Un limbo legal y moral
Ese trasvase de lo íntimo a lo común tropieza, sin embargo, con las normas. En España, el artículo 185 del Código Penal castiga el exhibicionismo sexual cuando se produce ante menores o personas con discapacidad. El resto queda en manos de las ordenanzas municipales de civismo, que imponen multas por actos sexuales en espacios públicos si hay quejas vecinales o si se considera que se atenta contra la convivencia. Barcelona endureció su normativa en 2023 y otras ciudades han seguido el mismo camino. El resultado es una especie de limbo legal: rara vez se convierte en un delito grave, pero puede costar caro en forma de sanción administrativa.
Paradójicamente, la llamada generación Z mantiene menos relaciones sexuales que las anteriores. Diversos informes en Estados Unidos y Reino Unido apuntan a un declive en la frecuencia de encuentros sexuales entre jóvenes, atribuido a la ansiedad, la precariedad y la fatiga digital.
Que aparezcan más casos de sexo en público no contradice esa tendencia, lo que ocurre es un cambio en el dónde y en el cómo. Los encuentros son menos frecuentes, pero cuando suceden, se concentran en espacios visibles, comentados y, a menudo, viralizados.

Género y desigualdad en el riesgo
El riesgo, sin embargo, no se reparte de manera equitativa. Para muchas mujeres y personas LGTBIQ+, la exposición pública puede traducirse en violencia, acoso o grabaciones no consentidas.
El morbo del peligro que excita a algunos, para otros es miedo real. En los entornos queer han surgido códigos no escritos que regulan el sexo en espacios públicos: señales, reglas y consensos que buscan minimizar daños y garantizar que la transgresión no se convierta en amenaza. Pensar el fenómeno sin romanticismos implica tener en cuenta estas diferencias de género y seguridad, porque lo que para unos es juego erótico, para otros es un riesgo tangible.

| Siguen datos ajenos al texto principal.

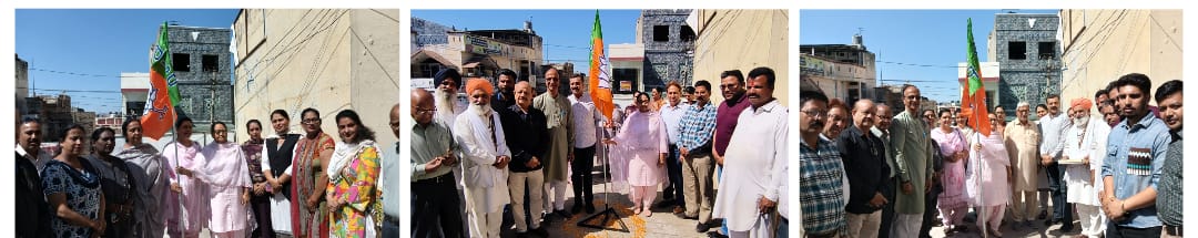 Hoshiarpur/Daljeet Ajnoha/April 6 : The Bharatiya Janata Party (BJP) celebrated its 47th foundation day with a flag-hoisting ceremony at the district BJP office, presided over by district president Nipun Sharma. Province representative Madam Anita Somprakash served as the chief guest and formally hoisted the flag to inaugurate the event. Party office-bearers and workers attended, enthusiastically participating while recalling the party’s glorious history.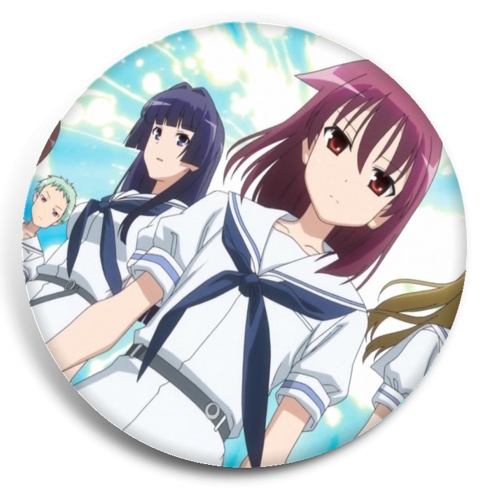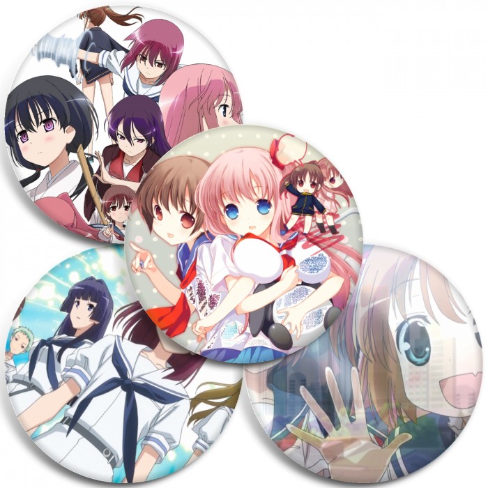 Несколько видов значков с персонажами вселенной Саки на национальном чемпионате.

En última instancia, el auge del sexo en público entre la generación Z se lee mejor como un síntoma urbano que como un cambio moral. Ciudades sin refugio íntimo, alquileres imposibles y habitaciones demasiado pequeñas empujan la vida privada hacia lo común. Lo privado se desborda, y lo común se convierte en escenario de prácticas que antes ocurrían tras una puerta cerrada. La pregunta, por tanto, no debería ser por qué los jóvenes practican sexo en público, sino qué dice de nuestras sociedades que un parque se convierta en el lugar más accesible para hacer el amor.
Quizá la solución no esté en endurecer ordenanzas ni en moralizar desde la tribuna, sino en algo mucho más sencillo y estructural: más viviendas asequibles, más intimidad garantizada, más puertas con pestillo. Porque la intimidad, conviene recordarlo, también es una infraestructura.